Very few women worked ( except part time cleaning jobs) never mind university.

A man was considered to be a good husband if he didn't beat his wife.

LillianGish · 18/11/2014 22:43

Not defending anything that went on the 70s but not sure how anyone can think things are better now. Jordan anyone? Rhianna, Miley - and these are very much mainstream figures. Pornography in the 70s was a stash of dirty mags - incomparable to what is available at the click of a button these days. I've just been watching the first series of Grange Hill with my kids - compare the way school kids dressed back then and the kind of porn star chic that many young girls aspire to today. Is the 70s shocking because we remember it as being a much more innocent time (probably because many of us were much more innocent ourselves and it went over our heads)? I wonder how much more shocking the present day will appear when today's youngsters look back after 30 years.

JoffreyBaratheon · 19/11/2014 13:36

My high school happened to be at the end of the lane where I lived. So kids streamed past there twice a day.

I went there in the 70s. In the 1990s, my stepmother said to me "Oh these girls from the high school get worse and worse. You should see them going past at 4 o'clock with their shirts tied under their busts like bikinis..."

She was genuinely horrified. I said nothing but quietly remembered us doing the same in the 70s. She must have just not noticed (or recalled). Plus ca change, in some ways.
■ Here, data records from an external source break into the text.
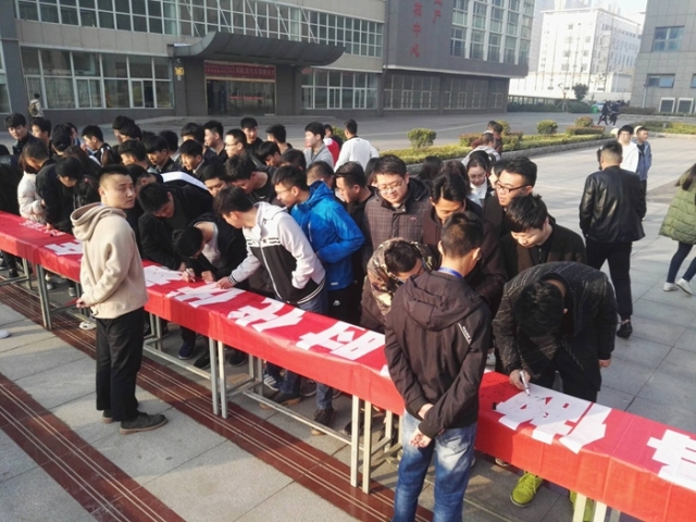 最后,我系进行了以“学习雷锋精神,践行社会主义核心价值观,争做新时代优秀青年”的员工签字仪式,各班同学积极响应,在横幅上签上了自己的名字。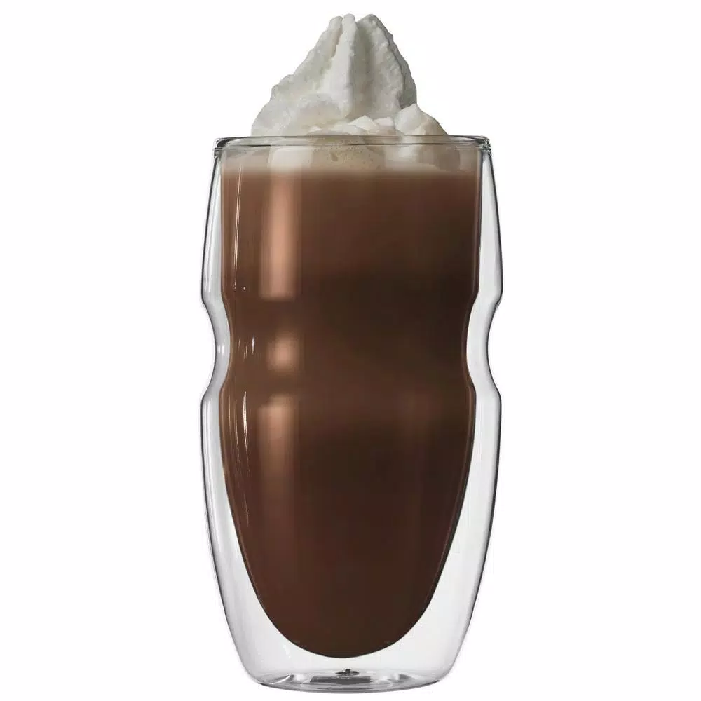 Made of durable, heat and condensation-resistant, mouth-blown borosilicate glass of the finest quality, the 16 oz. Serafino glasses are the largest in the Ozeri Artisan Series of award-winning handcrafted drinkware. Each glass features an elegant double-walled design that suspends beverages within an inner wall for the ultimate insulation, preserving drinks at their ideal temperature. The Serafino’s unique double-wall design creates an engaging optical effect, while the wraparound contour provides a natural aesthetic grip. Each glass is made to keep your hands cool even with your hottest drinks, and free of condensation with your chilled beverages. The patented Serafino glasses are great for coffees, cappuccinos, hot or iced teas, cocktails, frozen beverages and much more. Whether it is an occasion for a glass of wine, coffee, or some other beverage, borosilicate glass is completely resistant to acids, and your Ozeri glasses will never lose their original sheen. Each set contains 6 handmade glasses designed for lifetime use. The Serafino glasses are completely microwave and freezer safe, and ship in an elegantly printed and carefully packaged box with a No-Hassle warranty.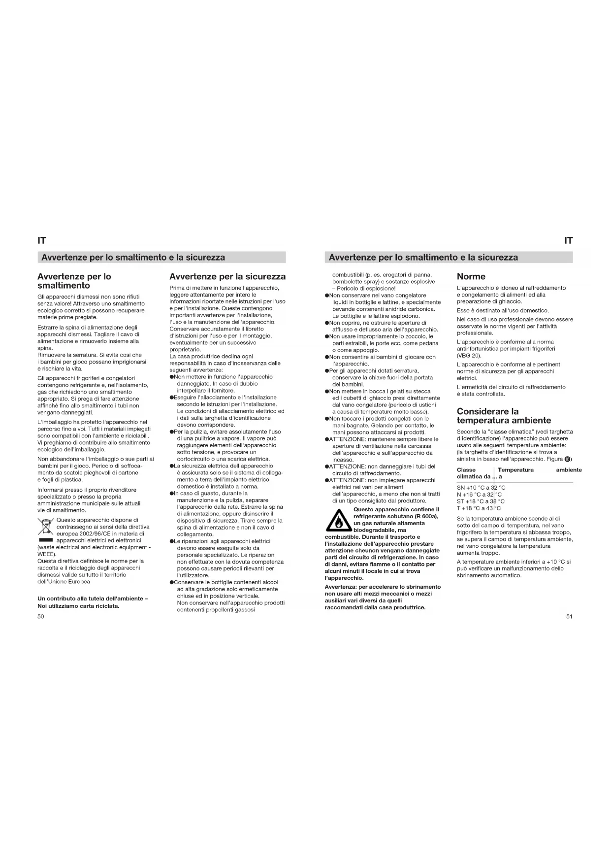 Classe Temperatura ambiente climatica da ... a SN +10 °C a 32 °C N +16 °C a 32 °C ST +18 °C a 38 °C T +18 °C a 43 °C Se la temperatura ambiene scende al di sotto del campo di temperatura, nel vano frigorifero la temperatura si abbassa troppo, se supera il campo di temperatura ambiente, nel vano congelatore la temperatura aumenta troppo. A temperature ambiente inferiori a +10 °C si può verificare un malfunzionamento dello sbrinamento automatico. Avvertenze per lo smaltimento e la sicurezza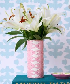 Brighten your space with our Palm Rose Vase, featuring Laura Park’s signature abstract print in cheerful shades of pink. This ceramic cylinder vase is finished with a delicate gold rim, perfect for fresh blooms, stems, or as a colorful accent all on its own.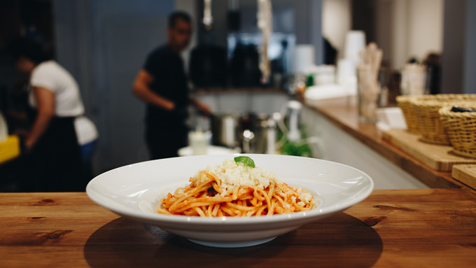 Große Fenster, viel Platz und der Duft von frischer Pasta – das sind die drei Dinge, die mir zum neueröffneten Emporium in der Reinhardtstraße einfallen. Wenige Meter vom Friedrichstadt-Palast entfernt bekommt ihr tagsüber belegte Bagels, süßes Gebäck, Porridge, und Kaffee von der Berliner Rösterei Zazza. Wer mittags etwas Warmes essen will, kann sich zwischen sechs verschiedenen Pastagerichten entscheiden: Arabiata, Pesto Vegano, Aglio e Olio, Carbonara oder Pomodoro Basilico. Der Inhaber steht hier selbst in der offenen Küche und kocht mit viel Liebe.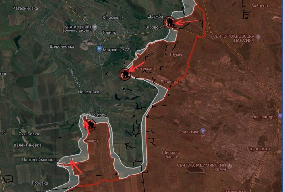 На Торецком направлении российская армия продвинулась на южной окраине Артемово (Железное). Также приходит информация о том, что наши бойцы заняли территорию хлебозавода в западной части Нью Йорка (Новгородское). Об этом пишет в своем Telegram-канале военкор Евгений Лисицын.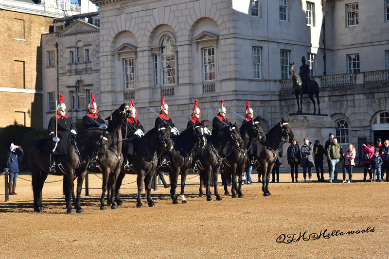 威斯敏斯特 摄于威斯敏斯特地铁站的一个出口,出来是Parliament Street 从地铁站出口处步行至丘吉尔作战室并不远,不过到了门口后,我们被周围的雕像以及景观所吸引,不知不觉来到了皇家骑兵卫队阅兵场,正碰上骑兵仪仗队在为换岗仪式作准备。由于换岗仪式太热门,原本并不在我们的计划中,但居然在此时此地不经意间撞见,可谓之缘分。其实,丘吉尔作战室周边就是圣詹姆士公园的后面,在公园向着这个方向远眺也能看到一二,所以说,伦敦城里的核心区域,其实也不大,很多地标相隔都很近。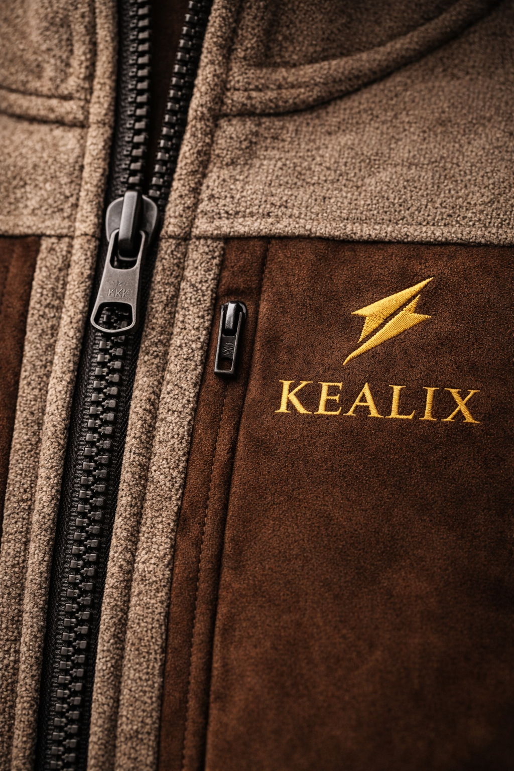 Men’s Premium Two-Tone Quarter-Zip Fleece Pullover – Brown/Beige

I do remember doing what my dad used to call "putting on the war-paint" and going out to this cafe-bar which was full of bikers when we were about 15. And all the leering blokes and comments, right in front of us, about "jail bait". I didn't even know what jail-bait was.

I think a lot of girls my age were very sexualised in terms of our clothes and make-up. But there was also an innocence about (most of) us.

Thumbwitch · 19/11/2014 13:46

Where I worked in the NHS in the early 1990s, I suffered sexual harassment (and then just plain harassment and bullying) from a bloke there. It wasn't dealt with well at all - I wasn't the only one, there were 2 other "victims" of the same man, and we did everything we could to have this sorted out.

But the thing that truly sticks in my mind is the female consultant who told us that she had spent all her medical training in hospitals having to put up with sexual harassment and misogyny and we were just silly little girls who should just get over it and grow up. She must have been in her 40s or possibly early 50s at the time, so she was probably talking about the late 1960s/early 1970s when all this harassment she suffered took place - but she just had to accept it or she'd have never "got on" in medicine.

Obviously we ignored her "sage wisdom" Hmm and carried on trying to get the situation dealt with, which it eventually was.

djt2nd · 01/01/2017 21:14

what is wrong with everyone, get off your superior high horse tv music online is more shocking now than ever, in an episode of the simpsons bart walks in on his dad and the police chief smoking a bong their is far too many other things to mention. life was a lot better in the 70s and it was before my time

likepeasandcarrots · 01/01/2017 21:30

You do realise this is a 2 year old thread don't you?